This gal, this little princess or Diwaniya, still makes me think of "Angel of Harlem," by U2. Like a vibrant little rose, rising from the cracked concrete of a lost world. I can only imagine the life ahead of her and her friends.

All of these shots were taken in the more metropolitan areas of Diwaniya Iraq. My back-seat vantage point served my photographic tendencies well.



06 August, 2009

American Soldiers

A couple of friends asked me about my blog this morning. So I "tweeted" that I'm taking a break, on Twitter. Mostly because I'm in-between places right now, in transit, and on my way home. It's nearly a two week process, moving an entire army company from Iraq back to the states through Kuwait, and that's with all good weather. But this morning with a wireless connection and little else to do, I figured I'd post a counter balance to my previous theme.

It may or may not need to be said, but I'm proud of being a soldier and of the people I work with. I was primed to get stuck on the Hero/Soldier theme as I encountered those Facebook groups right after a couple weeks of hearing a lot of silly talk from soldiers on the subject of returning home. Some guys (and girls), particularly the younger set, see the return home as a license to do whatever they want when they get back. As if going crazy is something they deserve, like a spring break from school amplified. Perhaps it's all just, could it be?, me dealing with concerns or even worry for these guys doing something dangerous or regrettable? Am I really growing up finally?

But I've gone on enough about all that. What follows is a selection of photos taken over the last 15 months of my fellow American soldiers from the 110th MP Company, one of the very last units in Iraq (if not the very last) to begin and complete a 15 month deployment.

Gunner Spc. Amato giving a wave.


Sgt. Anderson and PFC Smith, we did a lot of training with ASVs (the vehicle), but barely used them at all in theater.

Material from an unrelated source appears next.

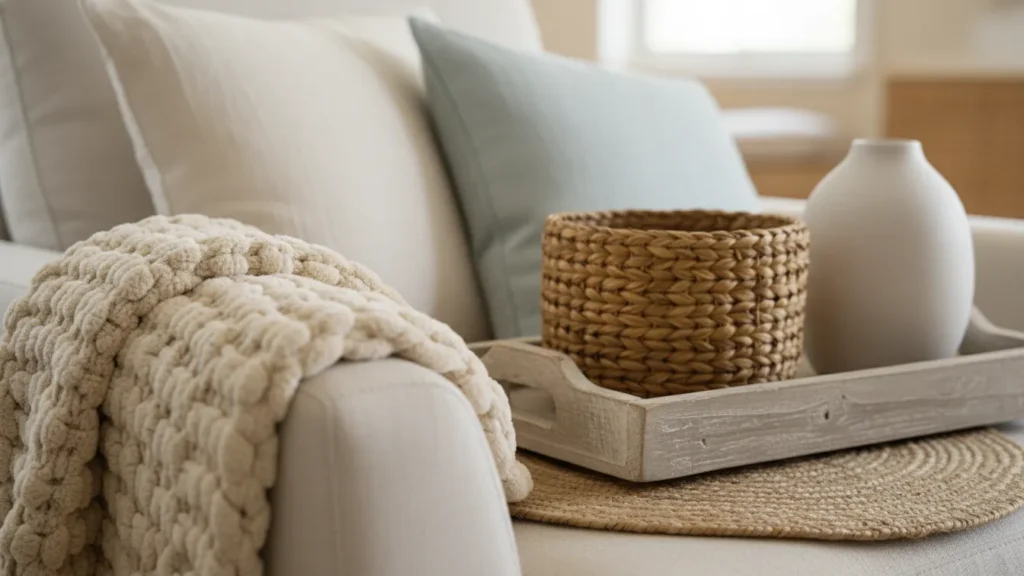Layer different textures throughout your room. A chunky jute rug underfoot. Linen throw pillows on the sofa. A woven basket for blanket storage. Wooden bowls and trays on surfaces. This creates visual interest without adding clutter.

Spc. Chambers, a meet and greet with locals. Even if the young guys talk big, we're still fortunate that our mission involved this kind of contact, and not the kind of "contact!" we train for in basic.


Spc. Hackler


It was often interesting to watch how receptive, or not, the Iraqi Police were to our assistance or advice, particularly coming from an American female. Sgt. Irlbeck with the local cops.


Pfc. Johnson with the tough guy look, I think he forgot there was a purple bear on his vest.


Spc. Ward while at an IP station. The "shoulder pads" are called DAPs by us, only used by gunners by the end of the deployment.


This is a picture I got from another soldier's Facebook. Judging by the DCUs this was most likely '04-'06.


Ever curious, the local kids who have lived their entire lives with American presence, gather around whenever we would show up.


A muddy field the day after a day of rain, I think it was April, the only time I saw any precipitation in Diwaniya. The black mask is worn by an Iraqi interpreter.